@ledsun blog

Hのキーがhellで、Sのキーがslaveだ、と彼は思った。そしてYのキーがyouだ。

処理を並列化したらデータベースアクセス速度が低下した謎

ActiveJobとSidekiqで実装されたとある非同期処理を高速化しようと試みています。 入力ファイルからデータを読み取ってDBへ保存する処理です。 事前処理がそれなりにあるのでCPUバウンドな処理とI/Oバウンドな処理が半々ぐらいです。

CPUバウンドな処理は並列化すればいいので、1つのジョブの複数のジョブに分割することにしました。 入力ファイルは複数のファイルを圧縮したものです。 処理の単位も解凍後のファイル単位で分割出来ます。 解凍後のファイル毎にジョブをわけることにしました。 解凍後は7万ファイルに分かれることもあるので、ファイル1つずつではなく100個ずつジョブをわけます。

結果、処理速度は約1/3に低下しました。 1秒に3ファイル程度処理できていたのが1ファイルになりました。 1つのジョブで100ファイルを処理します。 ジョブあたり30秒程度で終わることを期待していました。 100秒になりました。

試しにDBへの保存処理をスキップしてみたところ、高速化しています。 CPUバウンドな処理が並列化で高速化したのは予想通りです。 それを上回るレベルでDBへのアクセスが遅くなったのが予想外です。

DBへアクセスするクライアントが増えたので、DBのスイッチング回数が増えて速度が低下するのはありそうな話です。 ですが、動かしているワーカーは4つです。 CPUのコア数が4つしかないので、4つに制限しました。 たかだか4ワーカーからのアクセスでそんなに遅くなるものなのでしょうか? 30秒が35秒になることはあっても、100秒になる気はしません。 ワーカー数を減らしても速度は回復しません。

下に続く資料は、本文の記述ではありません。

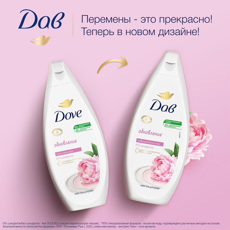 Появление бренда Dove связано с созданием уникального очищающего средства для кожи, не содержащего щелочи. Формула единственного в своем роде крем-мыла на четверть состоит из увлажняющего крема - именно это его качество помогает защищать кожу от раздражения и сухости, которые неизбежны при использовании обычного мыла. Dove —марка, которая известна благодаря авангардному изобретению: мягкому крем-мылу. Dove любим миллионами, ведь они не содержат щелочи, оказывают мягкое, щадящее воздействие на кожу лица и тела. Удивительное по своим свойствам крем-мыло довольно быстро стало одним из самых популярных косметических средств. Успех этого продукта был настолько велик, что производители долгое время не занимались расширением ассортимента. Прошло почти сорок лет с момента регистрации товарного знака Dove, прежде чем свет увидел крем-гель для душа и другие косметические средства этой марки. Все они создаются на основе формулы, разработанной еще в прошлом веке, но не потерявшей своей актуальности. На сегодняшний день этот бренд по праву считается олицетворением красоты, здоровья и женственности. Помимо женской линии косметики выпускаются детские косметические средства и косметика для мужчин. Несмотря на широкий ассортимент предлагаемых средств по уходу за кожей и волосами, завоевавших признание в более чем 80 странах по всему миру, производители находятся в постоянном поиске новых формул. Dove считается одним из ведущих в своей области. Он известен миллионам людей в почти сотне стран по всему миру. В мире Dove красота — это источник уверенности в себе, а не беспокойства. Миссия бренда — дать новому поколению возможность расти в атмосфере позитивного отношения к собственной внешности. Крем-гель для душа Dove образует нежное облако кремообразной пены, заботливо очищающее вашу кожу. Сладкий аромат сливочной ванили и пиона подарит наслаждение и возможность побаловать себя. Делает Вашу кожу гладкой и нежной сразу после душа. Благодаря уникальному сочетанию ухаживающих компонентов NutriumMoisture, которые обеспечивают больше естественного питания для Вашей кожи, чем большинство гелей для душа. Делает кожу более нежной и гладкой сразу после душа.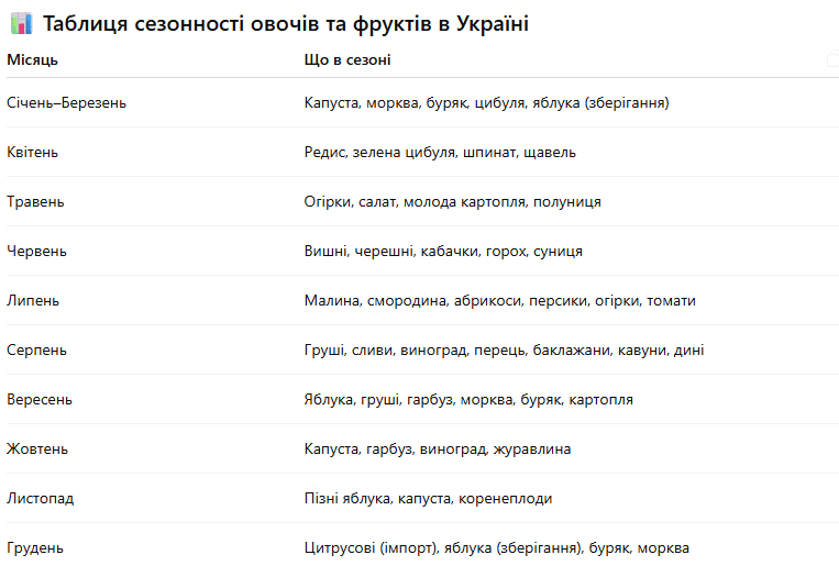 - Смак — сезонні продукти завжди солодші, соковитіші та ароматніші.

DBへのアクセスは検索もそれなりに含まれています。 ジョブを分割した分、ジョブが切り替わるたびにSQLキャッシュがリセットされます。 100秒に一回SQLキャッシュをリセットすることがそんなに影響あるでしょうか? 30秒が40秒になることはあっても、100秒になる気はしません。

というわけで謎です。 SQLの検索部分が速くなりそうな作戦はあります。 実施すれば解消されるかもしれません。 されないかもしれません。 仮にされても気持ち悪いです。 気になるところです。